Work instruction =>
Take every line of the material and reproduce it exactly.

(Data listing begins)

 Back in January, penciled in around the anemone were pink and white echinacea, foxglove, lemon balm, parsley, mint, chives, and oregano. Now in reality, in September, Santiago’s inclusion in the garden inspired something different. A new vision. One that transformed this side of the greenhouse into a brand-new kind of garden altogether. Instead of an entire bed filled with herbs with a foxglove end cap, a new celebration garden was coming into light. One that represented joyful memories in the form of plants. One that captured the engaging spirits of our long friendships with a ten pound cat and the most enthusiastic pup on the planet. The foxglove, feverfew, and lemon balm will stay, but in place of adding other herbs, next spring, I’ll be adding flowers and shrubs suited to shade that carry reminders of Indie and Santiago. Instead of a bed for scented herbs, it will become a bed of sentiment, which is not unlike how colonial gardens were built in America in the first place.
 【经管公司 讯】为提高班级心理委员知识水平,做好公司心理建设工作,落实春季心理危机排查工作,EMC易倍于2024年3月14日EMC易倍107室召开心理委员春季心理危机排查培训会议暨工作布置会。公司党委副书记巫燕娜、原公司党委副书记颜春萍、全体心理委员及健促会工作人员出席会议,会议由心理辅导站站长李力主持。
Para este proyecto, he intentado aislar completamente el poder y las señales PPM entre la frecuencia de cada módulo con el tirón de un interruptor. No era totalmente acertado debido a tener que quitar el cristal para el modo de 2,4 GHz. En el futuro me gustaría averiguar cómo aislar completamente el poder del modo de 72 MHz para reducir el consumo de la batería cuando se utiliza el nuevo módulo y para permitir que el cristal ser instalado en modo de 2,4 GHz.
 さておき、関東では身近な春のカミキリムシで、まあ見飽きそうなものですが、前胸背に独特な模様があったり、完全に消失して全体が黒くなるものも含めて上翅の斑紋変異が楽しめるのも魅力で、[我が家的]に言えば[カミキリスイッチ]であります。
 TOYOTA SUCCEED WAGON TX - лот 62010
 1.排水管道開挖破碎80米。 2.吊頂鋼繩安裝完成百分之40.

(Data listing ends)

Answer =>
 Back in January, penciled in around the anemone were pink and white echinacea, foxglove, lemon balm, parsley, mint, chives, and oregano. Now in reality, in September, Santiago’s inclusion in the garden inspired something different. A new vision. One that transformed this side of the greenhouse into a brand-new kind of garden altogether. Instead of an entire bed filled with herbs with a foxglove end cap, a new celebration garden was coming into light. One that represented joyful memories in the form of plants. One that captured the engaging spirits of our long friendships with a ten pound cat and the most enthusiastic pup on the planet. The foxglove, feverfew, and lemon balm will stay, but in place of adding other herbs, next spring, I’ll be adding flowers and shrubs suited to shade that carry reminders of Indie and Santiago. Instead of a bed for scented herbs, it will become a bed of sentiment, which is not unlike how colonial gardens were built in America in the first place.
 【经管公司 讯】为提高班级心理委员知识水平,做好公司心理建设工作,落实春季心理危机排查工作,EMC易倍于2024年3月14日EMC易倍107室召开心理委员春季心理危机排查培训会议暨工作布置会。公司党委副书记巫燕娜、原公司党委副书记颜春萍、全体心理委员及健促会工作人员出席会议,会议由心理辅导站站长李力主持。
Para este proyecto, he intentado aislar completamente el poder y las señales PPM entre la frecuencia de cada módulo con el tirón de un interruptor. No era totalmente acertado debido a tener que quitar el cristal para el modo de 2,4 GHz. En el futuro me gustaría averiguar cómo aislar completamente el poder del modo de 72 MHz para reducir el consumo de la batería cuando se utiliza el nuevo módulo y para permitir que el cristal ser instalado en modo de 2,4 GHz.
 さておき、関東では身近な春のカミキリムシで、まあ見飽きそうなものですが、前胸背に独特な模様があったり、完全に消失して全体が黒くなるものも含めて上翅の斑紋変異が楽しめるのも魅力で、[我が家的]に言えば[カミキリスイッチ]であります。
 TOYOTA SUCCEED WAGON TX - лот 62010
 1.排水管道開挖破碎80米。 2.吊頂鋼繩安裝完成百分之40.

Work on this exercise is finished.